→ Information supplied:
Segment Open

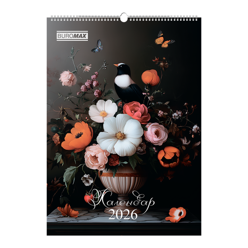 настенный перекидной календарь на 2026 годформат А3 (297х420 мм)содержит 13 листов высококачественной мелованной бумаги плотностью 200 г/м2;оригинальный дизайн с большим постеромвыходные обозначены красным цветомпружина с изгибом под гвоздь;каждый календарь – в индивидуальной упаковкеТМ Buromax
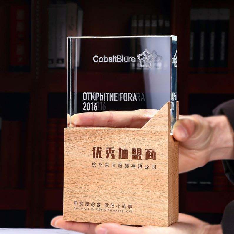 Product name:Glass And Wood Shield Wooden Award Gold Plaque Trophy with Wood Base
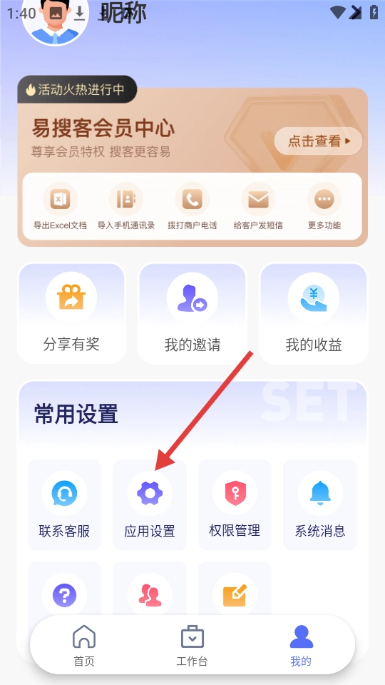 1、进入我的页面后,找到并点击【应用设置】选项,即可进入应用设置界面。

Segment Closed

→ Task details: Only the pictures should be left out; the rest of the material above must be repeated exactly.

→ Problem solution:
 настенный перекидной календарь на 2026 годформат А3 (297х420 мм)содержит 13 листов высококачественной мелованной бумаги плотностью 200 г/м2;оригинальный дизайн с большим постеромвыходные обозначены красным цветомпружина с изгибом под гвоздь;каждый календарь – в индивидуальной упаковкеТМ Buromax
 Product name:Glass And Wood Shield Wooden Award Gold Plaque Trophy with Wood Base
 1、进入我的页面后,找到并点击【应用设置】选项,即可进入应用设置界面。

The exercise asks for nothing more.